Officials faced the same problems around testing. For weeks, President Trump and others on the White House coronavirus task force said that tests were available for everyone who needed them but that people only needed to be tested if they had symptoms of COVID-19. At the same time, there were regular reports from people with symptoms who weren’t able to get a test. Evidence that people could be contagious even when they didn’t have symptoms also contradicted the task force messaging — as did stories of high-profile figures like NBA players and senators obtaining tests before they had symptoms.

Like with masks, mixed signals and obfuscation around testing reflected limited and lagging resources. “You had the competing messages to the White House saying no, that’s not true, we only have a limited number of tests, and that has to be used to test people who have significant symptoms,” Nowak says.

The sheer mess was an obvious sign of under-preparedness, Blair says.

“WHEN YOU’RE PREPARING FOR SOMETHING LIKE A PUBLIC HEALTH DISASTER, YOU PREPARE FOR CONTINGENCIES.”
“When you’re preparing for something like a public health disaster, you prepare for contingencies,” Blair says. Just because, at one point, experts did not think people would need to wear masks doesn’t mean that public health agencies shouldn’t have prepared for the possibility that the advice might change. “Surely anyone at CDC would have been saying, the science is unclear, and we should be putting as many irons in the fire as we can with reason,” he says.

Salvaging trust

Nowak thinks it’s still possible to salvage messaging around masks in the US. “If we go down the path of recommending masks, one problem is obviously that you appeared to completely switch course,” he says. One way to reframe the change would be to highlight that experts want to study how well masks or cloth masks actually help blunt the spread of the virus.

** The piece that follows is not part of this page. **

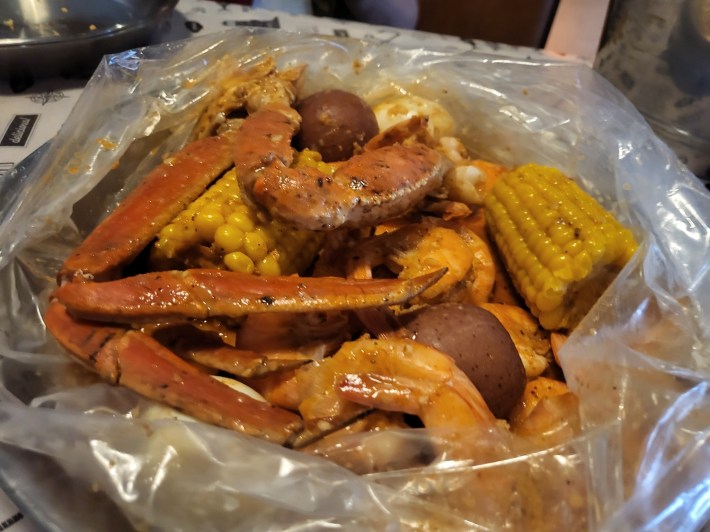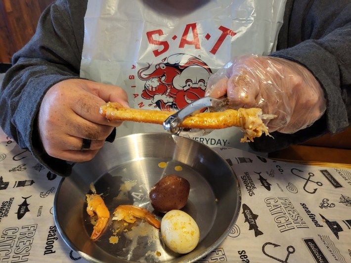 With the crab-inspired bib around my neck, our server slashed open the SAT Combo bag and, as the murky steam rose to a fine watery mist, its beautiful bounty of five snow crab legs, numerous unpeeled shrimp, two potatoes, two ears of corn, and two hard-boiled eggs presented itself to us.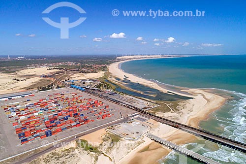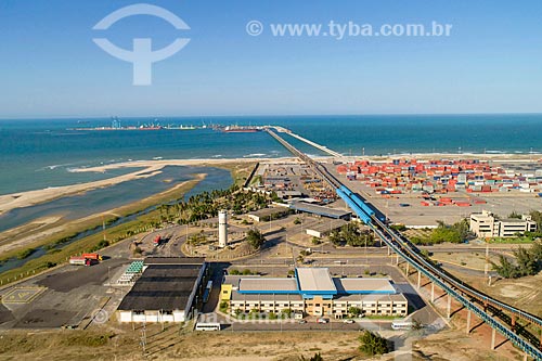 Picture taken with drone of the Pecem Beach with the iron ore conveyor belt between Pecem Steel company and Port Terminal of Pecem - part of the Pecem Industrial and Port Complex - Sao Goncalo do Amarante city - Ceara state (CE) - Brazil

“It’s better if you frame it as, ‘we want to try something,’” he says. Doing that research also sets the CDC up for better success in the future because the agency will have more evidence to support guidelines around masks. “Otherwise, we end up with nothing more than anecdotes again.”

Blair, though, thinks that the federal government’s failures around testing, masks, and other aspects of the coronavirus response will significantly erode public trust in the US public health system. “Part of the question is the extent to which people will be able to separate the reaction to this pandemic from the public health infrastructure as a whole,” he says. He suspects they won’t separate it. “The CDC will take a lasting hit from coronavirus.”